Crime & Justice

Police ID Nashville bomb suspect, seize 2nd vehicle

Washington, Dec 27 (efe-epa).- Nashville police on Sunday officially identified a possible suspect in the vehicle-bomb blast in the city last week, while authorities were investigating a second suspicious vehicle and its driver on the outskirts of the Tennessee country music capital.

Nashville Police Chief John Drake identified the main suspect in what appears to have been a suicide bombing as Anthony Quinn Warner, a white 63-year-old, although he did not rule out the possibility of investigating more people in the blast.

Authorities believe that the possible author of the attack may have died in the explosion early Friday morning in downtown Nashville, and on Saturday they searched Warner’s home looking for DNA and other evidence that could link him with the human remains found at the site of the explosion, which was on a downtown street in front of an AT&T building, CNN reported.

The huge explosion on Christmas morning of the RV packed with explosives slightly injured three people in the vicinity and severely damaged dozens of buildings just minutes after a tape recording was played multiple times from the vehicle warning people to evacuate the area.

Local tension continued on Sunday, as authorities arrested the driver of another “suspicious vehicle” on Nashville’s outskirts, this one a white truck, and blocked traffic along a stretch of local highway so they could investigate the matter.

That truck had broadcast an audio message similar to the one heard before the Christmas Day blast, the Rutherford County Sheriff’s Office said in a statement.

When the recording began being played loudly, the white truck was parked in front of a food store in the town of Walter Hill, located in Rutherford County, some 37 miles (60 km) from downtown Nashville, the local sheriff’s office said.

After starting the audio broadcast, the truck began driving toward the town of Lebanon, in Wilson County, which is also very close to Nashville and where authorities arrested the driver.

Television images on Sunday showed the truck parked along a rural stretch of highway, with no houses around but numerous law enforcement vehicles nearby, including those of the FBI and other agencies, blocking the passage of the truck.

The discovery of the truck seemed to complicate the investigation just when law enforcement authorities seemed to be focusing on a single bomber: Warner, who was an electronics expert who lived in Nashville neighborhood of Antioch.

The FBI on Saturday questioned several of Warner’s acquaintances and asked them if they whether the suspect was afraid of 5G technology, according to several local news stations.

Investigators believe that Warner suffered from paranoia linked to that technology and believed that it could be used to spy on Americans, according to WSMV television.

That could be one of the possible motivations for the bomb attack that investigators are pursuing: the possibility that Warner was aiming to disrupt telecommunications in the area.

The RV blew up as it was sitting in front of a building occupied by AT&T, causing interruption of local landline and cellular telephone service for thousands of people around Tennessee and in parts of the neighboring states of Kentucky and Alabama.

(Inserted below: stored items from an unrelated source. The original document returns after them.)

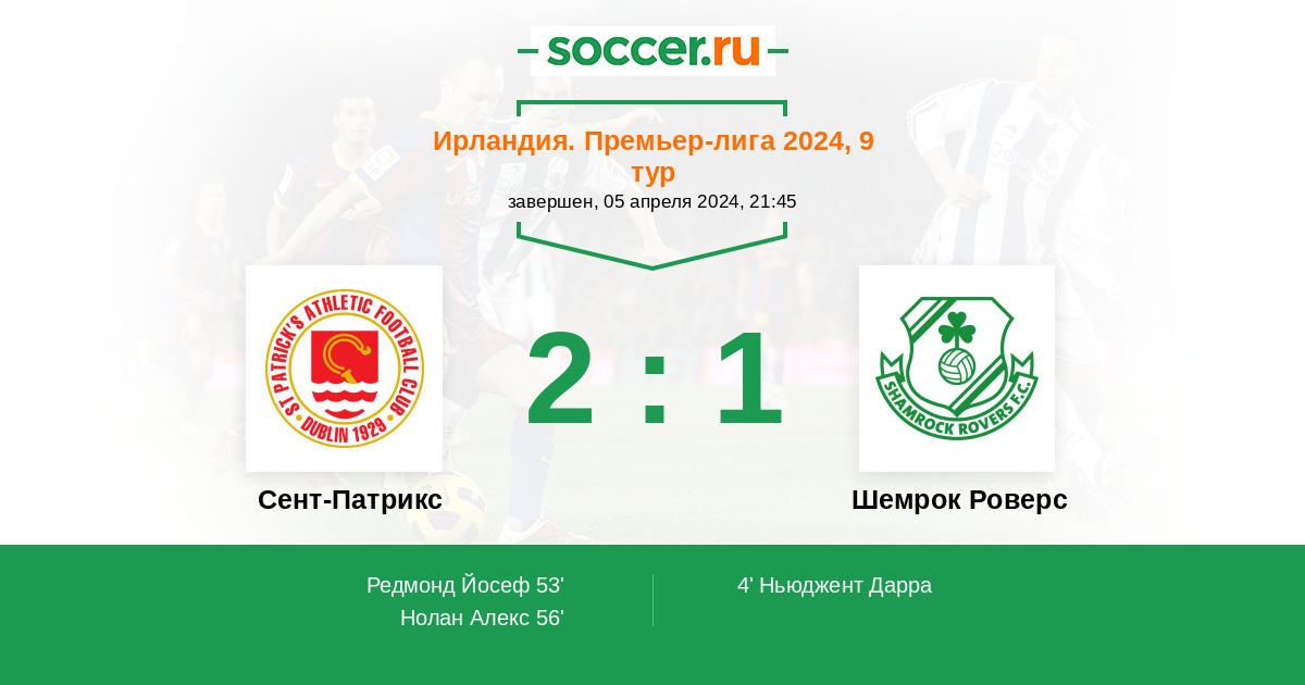 Протокол матча Сент-Патрикс против Шемрок Роверс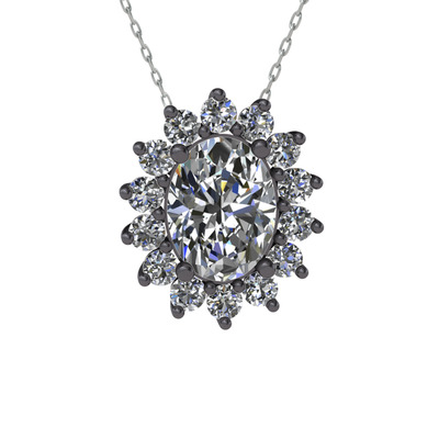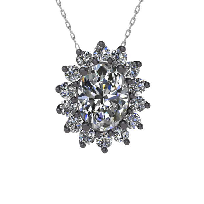 Swarovski ve beyaz zirkon 925 ayar siyah rodyum kaplama gümüş kolye (40 cm beyaz altın rolo zincir)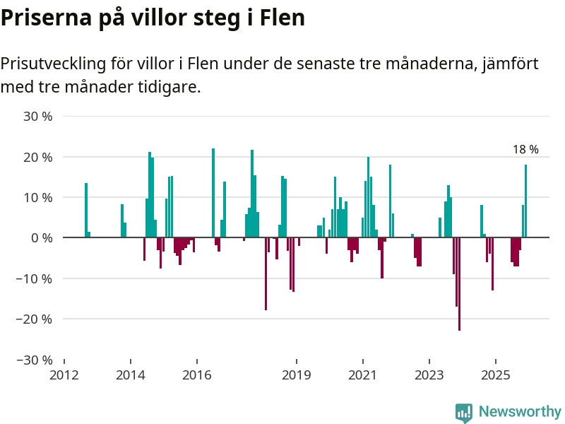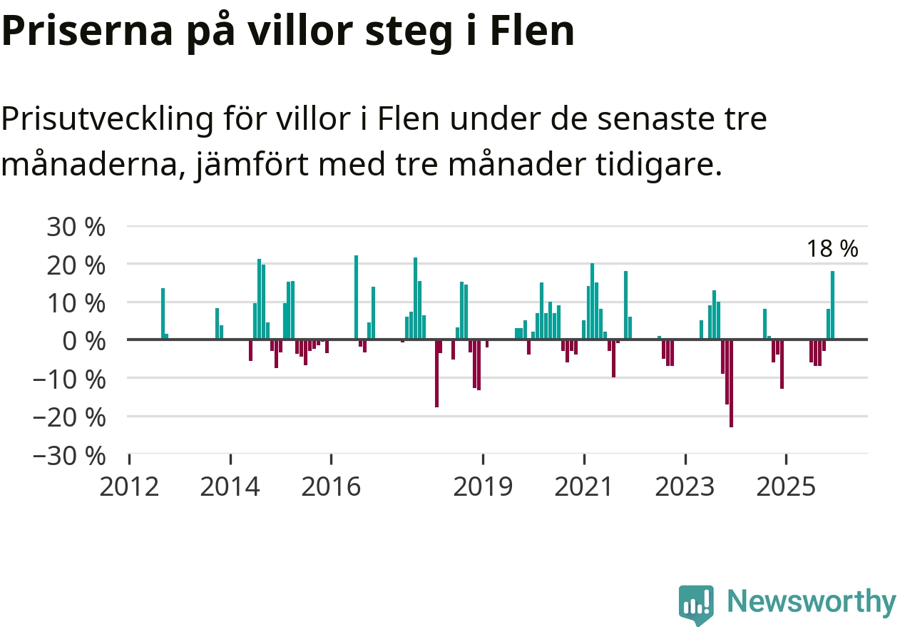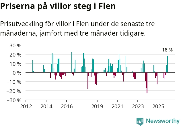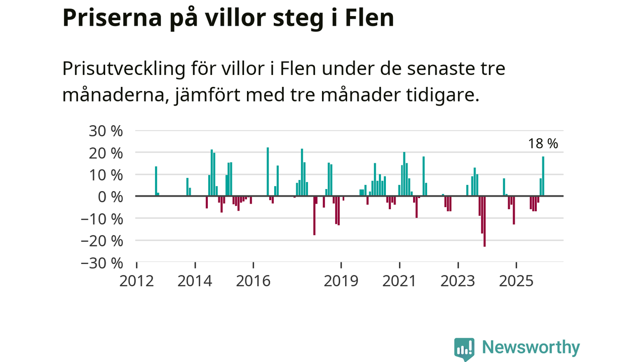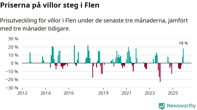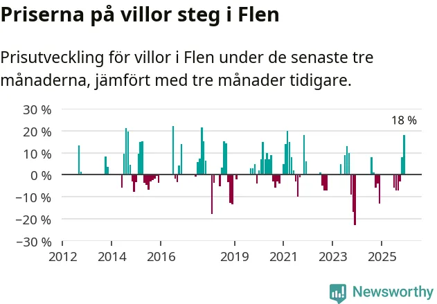 Statistiken visar även på en stor prisuppgång i Flens kommun. Medelpriset på försäljningarna av villor i kommunen var 18 procent högre än för tre månader sedan. Även i hela Södermanland ökar villapriserna. I hela länet noterades en prisuppgång på 1 procent.

The six police officers who were in the vicinity when the blast occurred on Sunday spoke with local media and confirmed that just before the explosion, a recording of Petula Clark’s No. 1 1964 pop music hit “Downtown” could be heard being played from the RV.

Meanwhile, Los Angeles entertainment executive Michelle Swing reportedly has been connected to Warner, according to numerous news reports.

Swing, who lives in downtown Los Angeles, formerly lived and went to school in Knoxville, Tennessee, and works as an artist development director at AEG Presents, reportedly received two houses from Warner via quit claim deeds.